» Input data:

--- START ---

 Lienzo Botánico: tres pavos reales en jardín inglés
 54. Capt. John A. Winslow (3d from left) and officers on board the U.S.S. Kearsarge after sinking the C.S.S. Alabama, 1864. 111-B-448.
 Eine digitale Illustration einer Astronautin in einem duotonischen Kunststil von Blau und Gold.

--- END ---
--- START ---

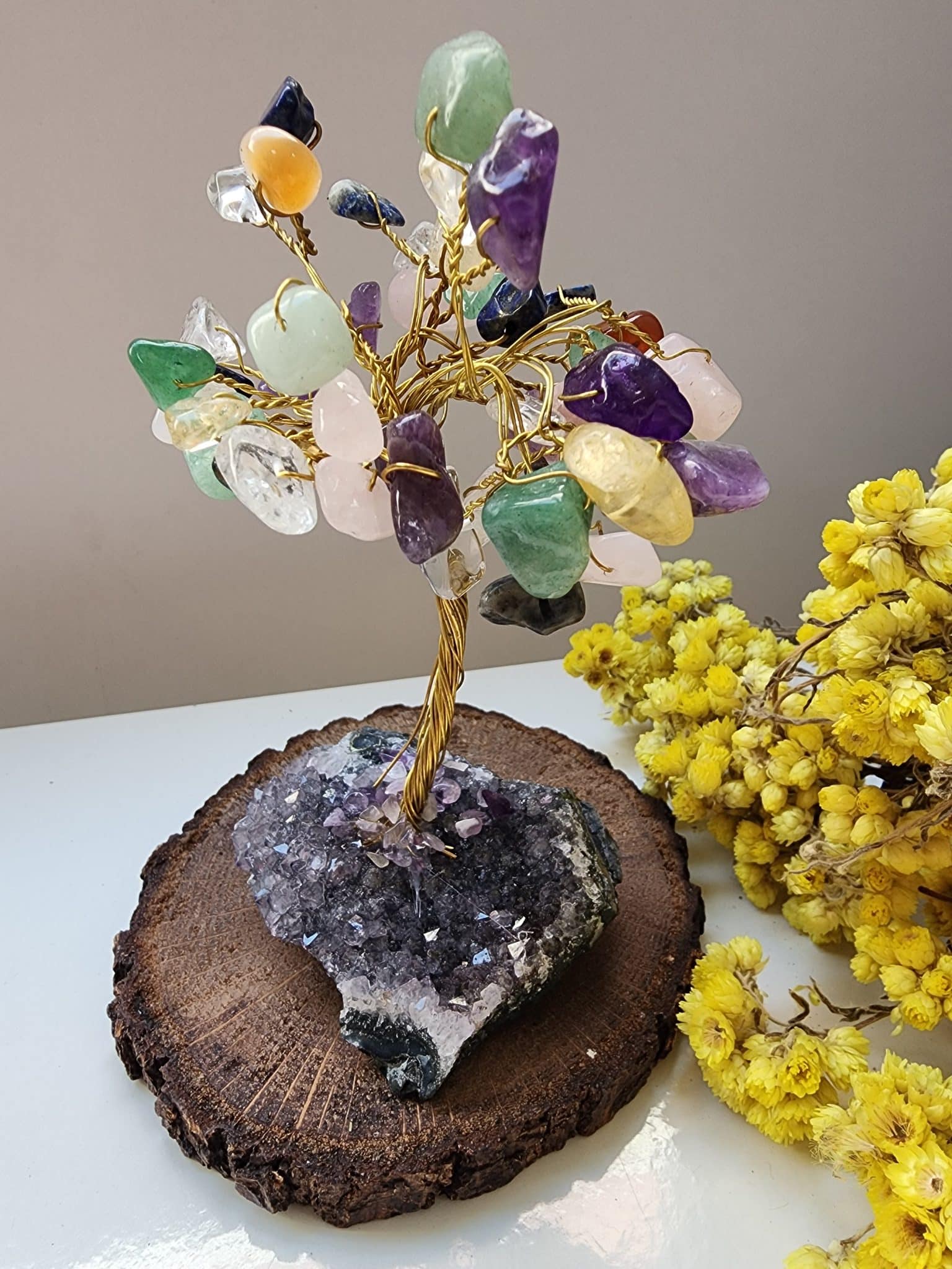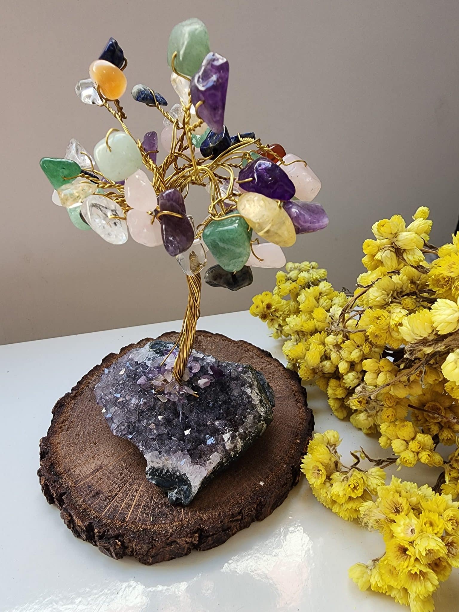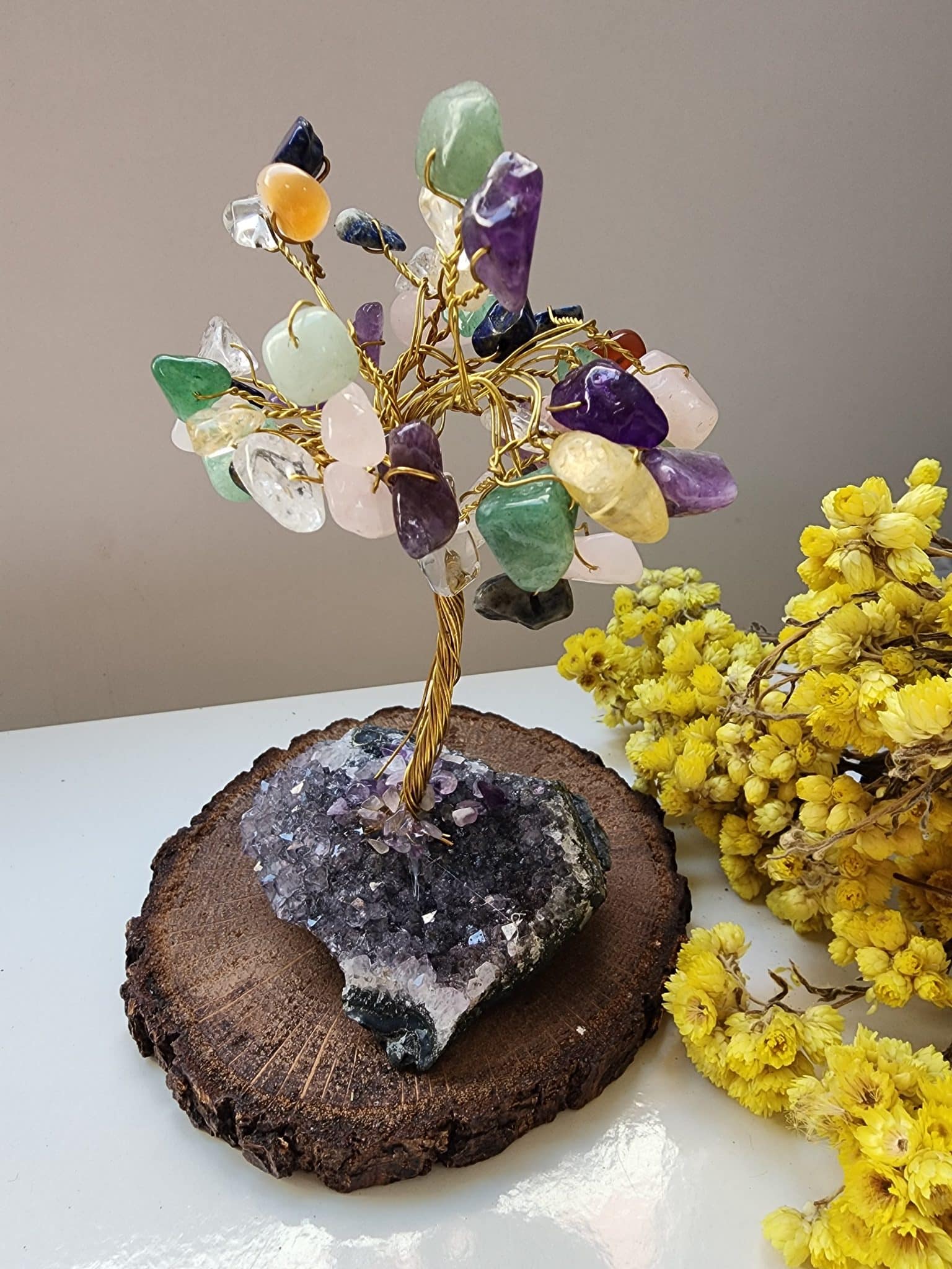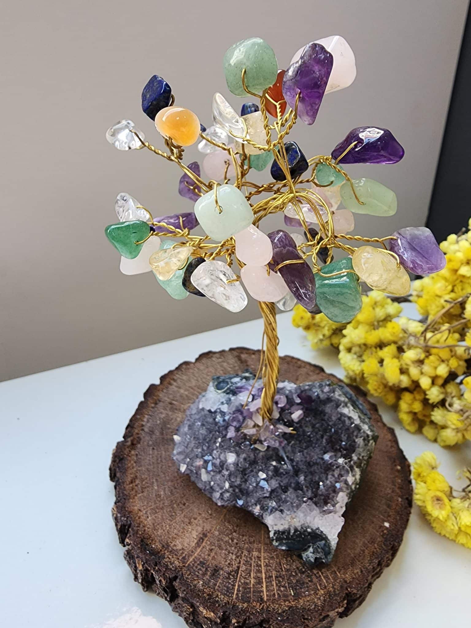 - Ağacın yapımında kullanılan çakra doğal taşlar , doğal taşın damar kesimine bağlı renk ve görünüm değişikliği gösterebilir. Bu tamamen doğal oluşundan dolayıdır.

--- END ---

Taking the lines above, repeat exactly those from the line that contains "Lienzo Botánico: tres" through the line that contains "Eine digitale Illustration", and both of those lines as well. Include nothing else.

» Answer to this exercise:
 Lienzo Botánico: tres pavos reales en jardín inglés
 54. Capt. John A. Winslow (3d from left) and officers on board the U.S.S. Kearsarge after sinking the C.S.S. Alabama, 1864. 111-B-448.
 Eine digitale Illustration einer Astronautin in einem duotonischen Kunststil von Blau und Gold.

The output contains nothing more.